A rapidly inactivating K+ current (A-type current; IA) present in murine colonic myocytes is important in maintaining physiological patterns of slow wave electrical activity. The kinetic profile of colonic IA resembles that of Kv4-derived currents. We examined the contribution of Kv4 α-subunits to IA in the murine colon using pharmacological, molecular and immunohistochemical approaches. The divalent cation Cd2+ decreased peak IA and shifted the voltage dependence of activation and inactivation to more depolarized potentials. Similar results were observed with La3+. Colonic IA was sensitive to low micromolar concentrations of flecainide (IC50 = 11 μM). Quantitative PCR indicated that in colonic and jejunal tissue, Kv4.3 transcripts demonstrate greater relative abundance than transcripts encoding Kv4.1 or Kv4.2. Antibodies revealed greater Kv4.3-like immunoreactivity than Kv4.2-like immunoreactivity in colonic myocytes. Kv4-like immunoreactivity was less evident in jejunal myocytes. To address this finding, we examined the expression of K+ channel-interacting proteins (KChIPs), which act as positive modulators of Kv4-mediated currents. Qualitative PCR identified transcripts encoding the four known members of the KChIP family in isolated colonic and jejunal myocytes. However, the relative abundance of KChIP transcript was 2.6-fold greater in colon tissue than in jejunum, as assessed by quantitative PCR, with KChIP1 showing predominance. This observation is in accordance with the amplitude of the A-type current present in these two tissues, where colonic myocytes possess densities twice that of jejunal myocytes. From this we conclude that Kv4.3, in association with KChIP1, is the major molecular determinant of IA in murine colonic myocytes.
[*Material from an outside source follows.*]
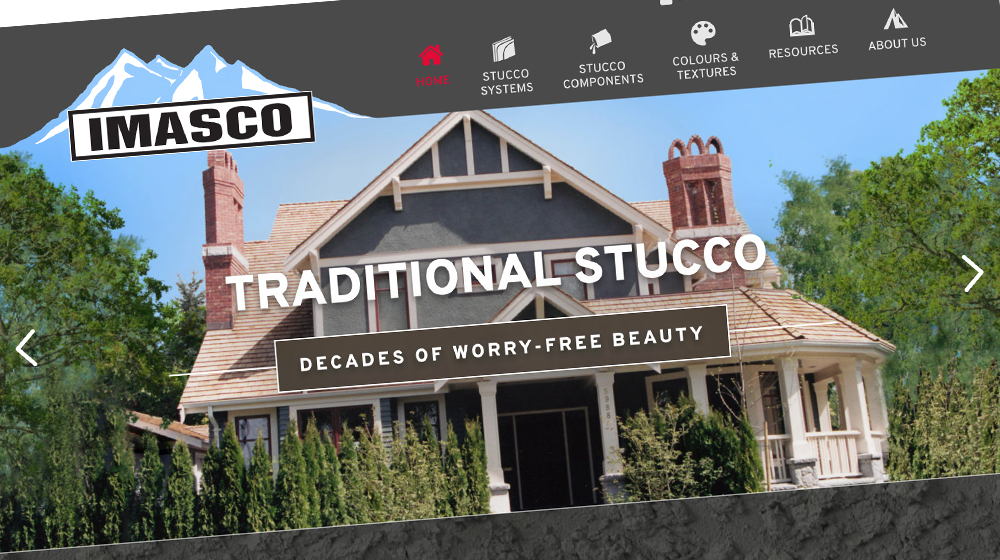 The company logo is prominent in the header of IMASCO’s new website. Stucco textures are used throughout the site along with the company colours: red, black and grey. Illustrations are used to help the user navigate the site. This website is primarily for the builders that need product information, product samples and distributor information.

机译:鼠结肠肌细胞中存在的快速失活的K + 电流(A型电流; IA)对于维持慢波电活动的生理模式很重要。结肠IA的动力学曲线类似于Kv4衍生的电流。我们使用药理,分子和免疫组化方法检查了Kv4α亚基对鼠结肠中IA的贡献。二价阳离子Cd 2 + 降低了峰IA,并使活化和失活的电压依赖性转移到更多的去极化电位。 La 3 + 的结果相似。结肠IA对氟卡尼的低微摩尔浓度(IC50 = 11μM)敏感。定量PCR表明,在结肠和空肠组织中,Kv4.3转录物表现出比编码Kv4.1或Kv4.2的转录物更高的相对丰度。在结肠肌细胞中,抗​​体显示出比Kv4.2-样免疫反应性更高的Kv4.3-样免疫反应性。空肠肌细胞中Kv4样免疫反应性较弱。为了解决这一发现,我们检查了K + 通道相互作用蛋白(KChIPs)的表达,该蛋白可作为Kv4介导电流的正调节剂。定性PCR鉴定了在分离的结肠和空肠肌细胞中编码KChIP家族四个已知成员的转录本。然而,通过定量PCR评估,结肠组织中KChIP转录本的相对丰度比空肠高2.6倍,其中KChIP1占优势。该观察结果符合存在于这两个组织中的A型电流的幅度,其中结肠肌细胞的密度是空肠肌细胞的两倍。由此得出的结论是,Kv4.3与KChIP1结合是鼠结肠肌细胞中IA的主要分子决定因素。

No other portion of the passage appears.